Bipolar I psychosis is regularly defined as “a severe episode of either mania or depression (but not hypomania) that results in a detachment from reality and includes symptoms of false but strongly held beliefs (delusions) and hearing or seeing things that aren’t there (hallucinations)”.
That’s great. But what do these symptoms look and feel like? Everyone’s experience is different, but in an effort to showcase the realities of my mental health diagnoses, I’m sharing just a few examples of what my mind’s eye has seen . . .
Kate’s Top Five (PG) Memories of Psychosis
1. One afternoon, the devil impregnated me via my belly button ring so, from my perspective, the only way to abort this horrible image from my altered mind was to remove the ring and hope for the best. Of course, like the other rapid blasting images, this concern passed quickly.

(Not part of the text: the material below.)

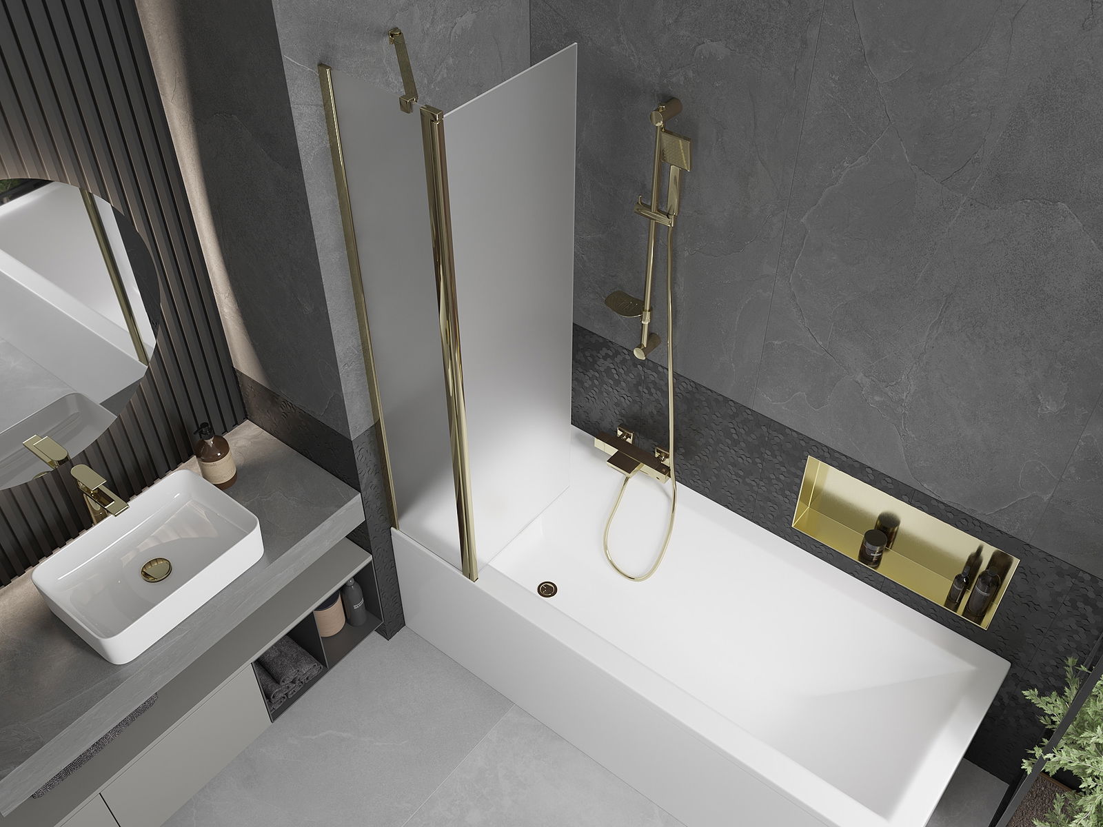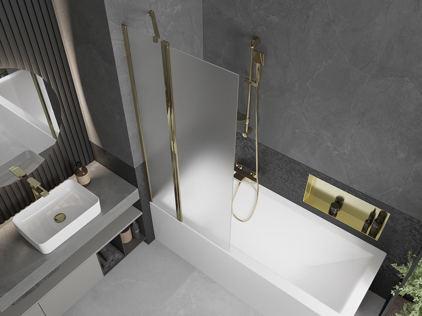 A képernyőnek egy mozgó szárnya van, a hajtogatás lehetőségével. Ez a megoldás több helyet takarít meg a fürdőszobában, és lehetővé teszi a fennmaradó hely szabadon történő használatát, ha nem használjuk a fürdőszobát.

2. One bright and breezy summer afternoon, something . . . someone . . . told my manic mind that I was a vampire and should never leave the house during the day. When I did leave, I felt my mind melt and my body ready to dismantle. I ran home in lightning speed to safe darkness.
3. One hot summer day, I sat on the back stoop with the family dog, Sam. I looked down at my ghost-like pale leg and saw a small lump under my skin, moving ever so slowly from my ankle up my main leg arteries. Upon careful inspection, I realized it was a spider, headed directly to my heart. I figured, soon, I’d be dead.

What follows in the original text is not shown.